We took delivery of the new family-room furniture I wrote about last week and it has met with the approval of all who have beheld it. I’m especially fond of the recliner rocker and have already spent considerable hours in it so it will quickly conform to the contours of my impressionable frame much like breaking-in a new baseball mitt.
Speaking of my formidable frame..there’s a little less of it these days. I’m not going into great detail but I’m coming up on five weeks of careful calorie counting and starting to notice some subtle changes..like the fit of clothing. I don’t weigh because our scale only goes up to what I want to get down to.

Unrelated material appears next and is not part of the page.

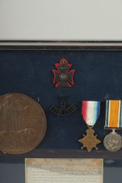 A GROUP OF THREE MEDALS AND BRONZE DEATH PLAQUE.

Had a weee of a time in Brookings the other night. I met up with Steve Hemmingsen at the Pheasant restaurant and lounge where they have live music on Monday evenings. On this night, we were treated to the stupendous sounds of jazz courtesy of the Johnson/McKinney Quintet. They have terrific taste in music but dubious judgment in who they allow on stage. In this case, I was offered an opportunity to sing a song or two. It went fine and the audience seemed to take delight in seeing a former TV guy belting out Sinatra. As I left the stage I mentioned to the boys in the band that Hemmingsen also had quite a reputation in piano bars from Sioux Falls to Nye’s Polynesian in Minneapolis as an interpreter of Broadway show tunes..so Steve was invited up and, after a challenging up-tempo number, he settled-in and provided a pleasant vocal surprise for both the players and patrons.
You’ll have to check the place out. It’s a great Monday night alternative to TV.
Several months ago, the agency that sends Linda and me our monthly sustenance checks decided they had overpaid me and began withholding a sizeable sum from said checks until the debt was repaid. Well, my longtime tax man agreed to help me construct a point by point reasoned response to this agency in the form of an appeal. After several months had passed, we’d concluded that our plea had fallen on deaf ears but then the other day in the mail came a government letter telling us our appeal had been accepted and the dollars withheld would be reimbursed. Needless to say there was much jubilant jumping around the kitchen at the news and many thanks owed to Doug Amen CPA.
Now I wish I’d held out for the recliner with the vibrating fingers feature and side-mounted cooler for storing my low fat yogurt and diet cherry flavored Mountain Dew. Yumm.